Anokam was one of the managers who dealt with the complaining beneficiaries with Medicare statements.

Despite billing more than $45 million for physical therapy services, the evidence at trial established there was never a single licensed or otherwise qualified physical therapist at City Nursing. One Medicare beneficiary testified that when she asked the doctor at City Nursing for physical therapy she was told the clinic did not provide that type of service and to go to her primary care physician for a referral to another clinic. Another Medicare beneficiary described the clinic as looking like an unemployment office with people just hanging out and referred to a day when he saw an employee direct a patient to make a pot of coffee.

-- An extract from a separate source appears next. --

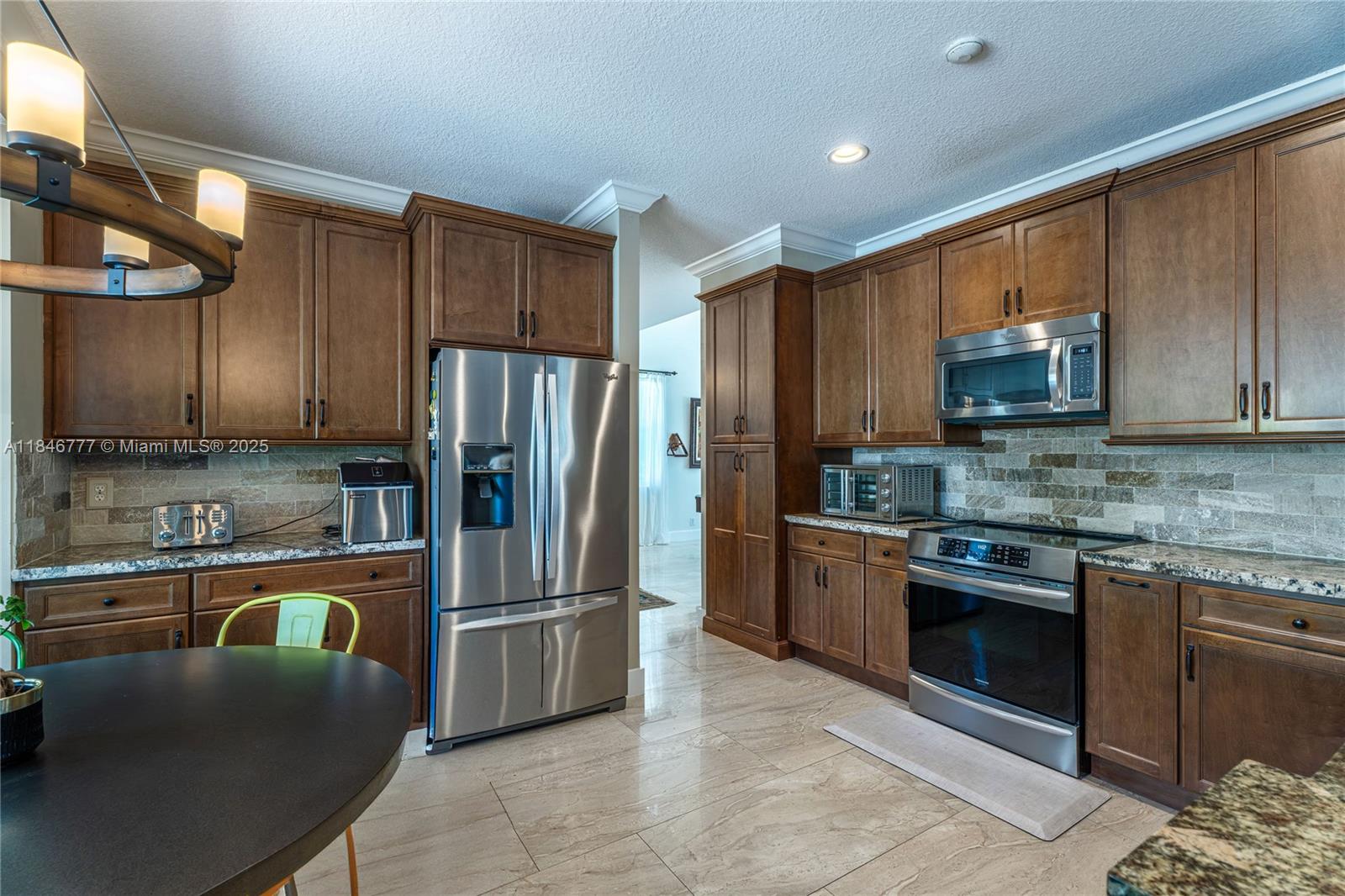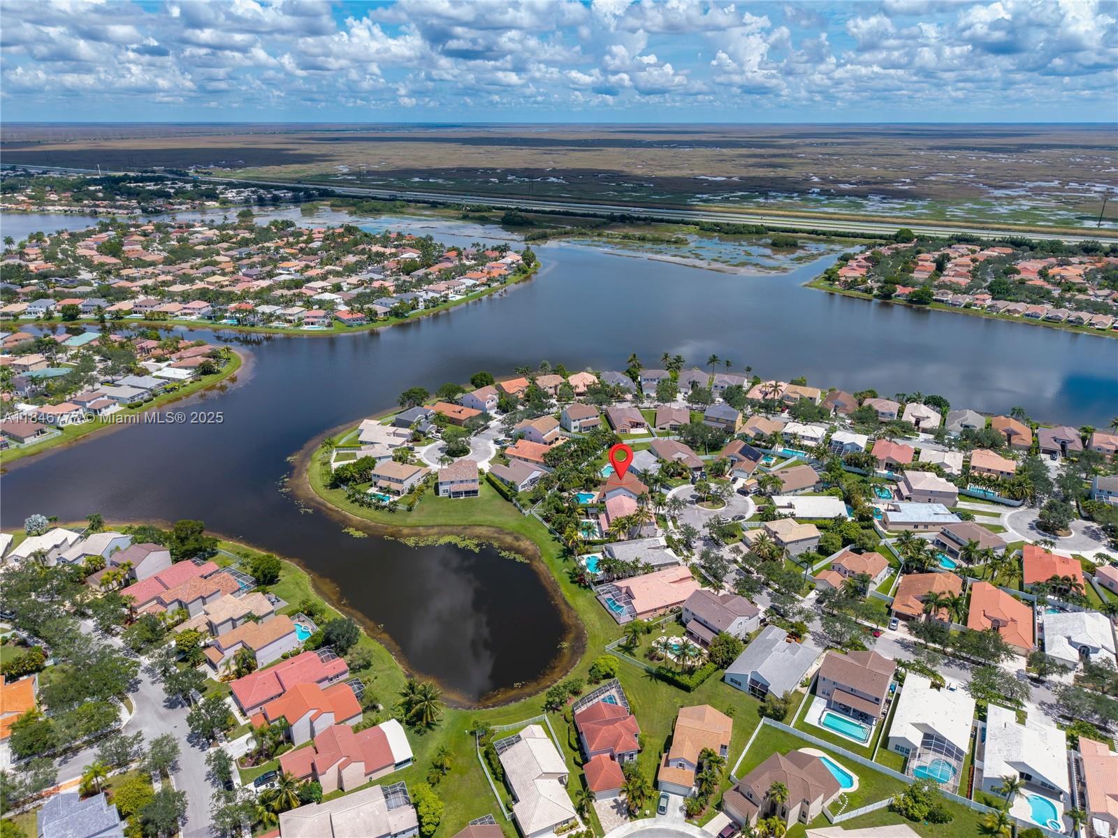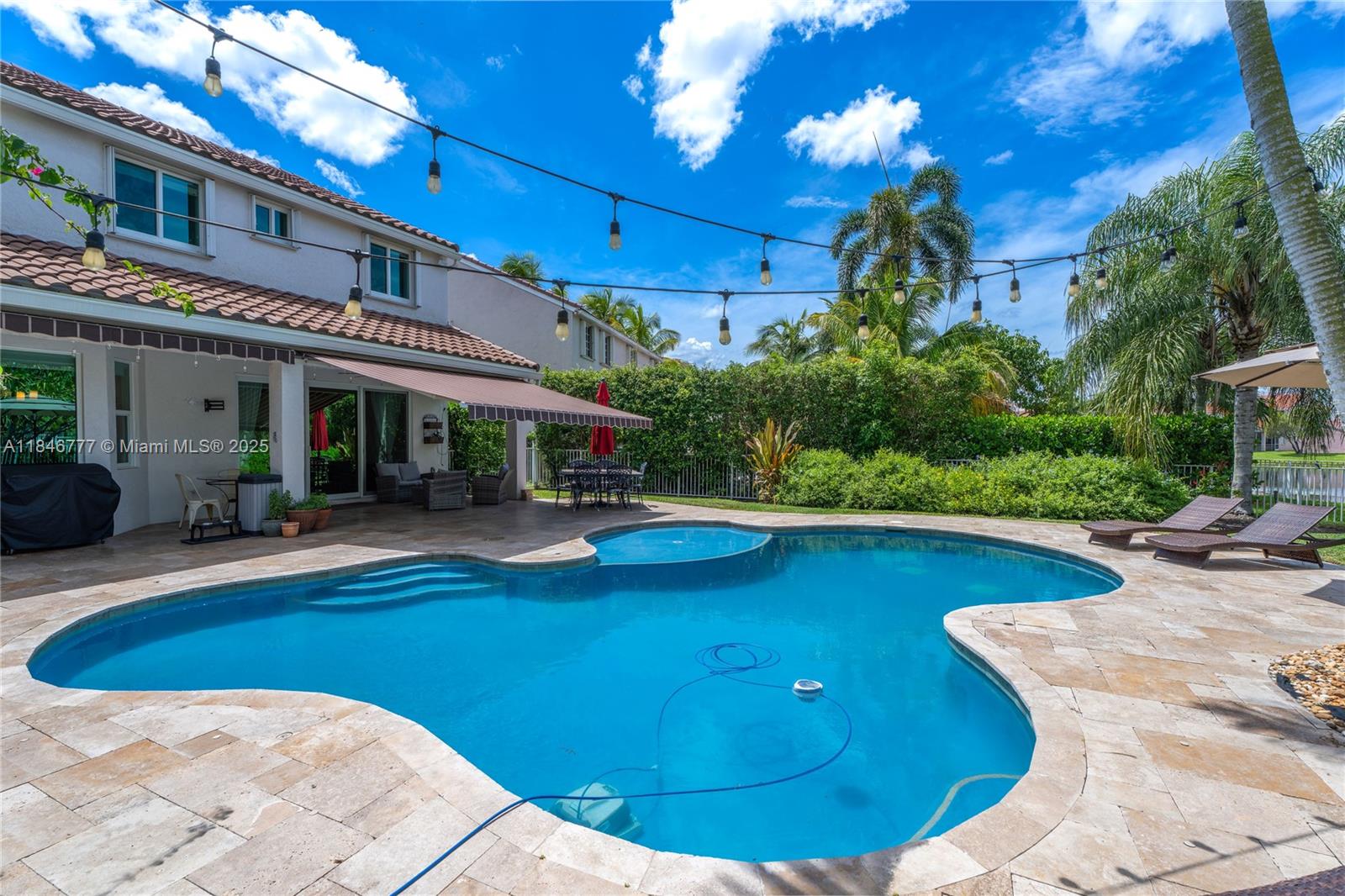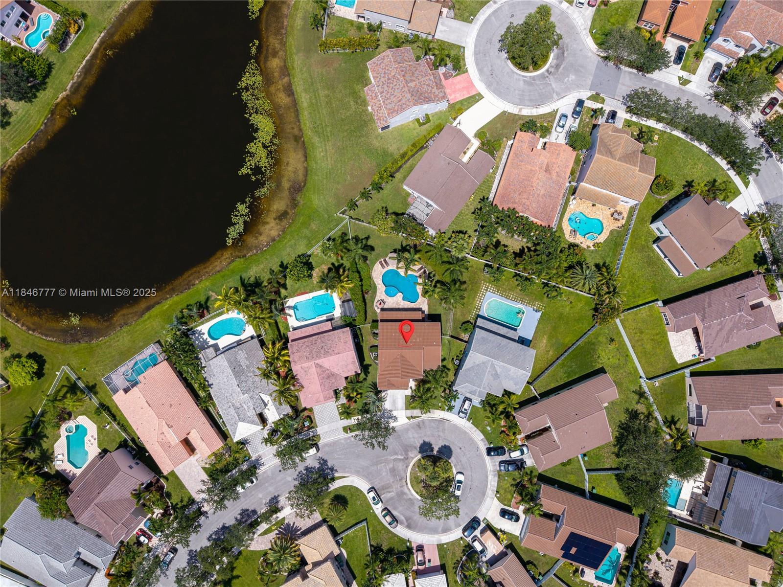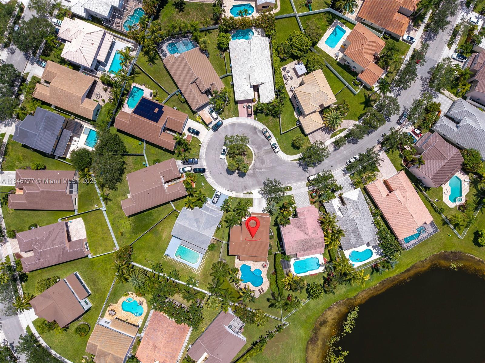 Welcome to your dream home! This beautiful 5-bedroom, 3.5-bath residence offers the perfect elegance and comfort. Enjoy peace of mind with a NEW ROOF and NEW IMPACT WINDOWS AND DOORS throughout. The spacious layout is ideal for both everyday living. This home features a gourmet kitchen with wood cabinets and stainless steal appliances. Resort-style POOL, PRIVATE and fully FENCED BACKYARD, covered patio, and child safety pool fence—perfect for entertaining. Serene lake view with no water access. Quiet cul-de-sac in a family-oriented community, The Falls. Gated community offers pool, playground and a basketball court. Roof 2022, Impact windows 2022, interior paint 2023, exterior paint 2022, AC 2023 condenser unit (outdoor)/2009 Evaporator Coil/Air Handler (indoor). All bedrooms are upstairs.

The investigation into City Nursing was the result of the joint efforts by Special Agents of the FBI, Internal Revenue Service—Criminal Investigations, the Department of Health and Human Services—Office of Inspector General and investigators from the Texas Attorney general’s office—Medicaid Fraud Control Unit. Assistant United States Attorneys Julie Redlinger and Mark Donnelly prosecuted the case.

Assistant United States Attorney Kristine Rollinson assisted with forfeiture and restitution.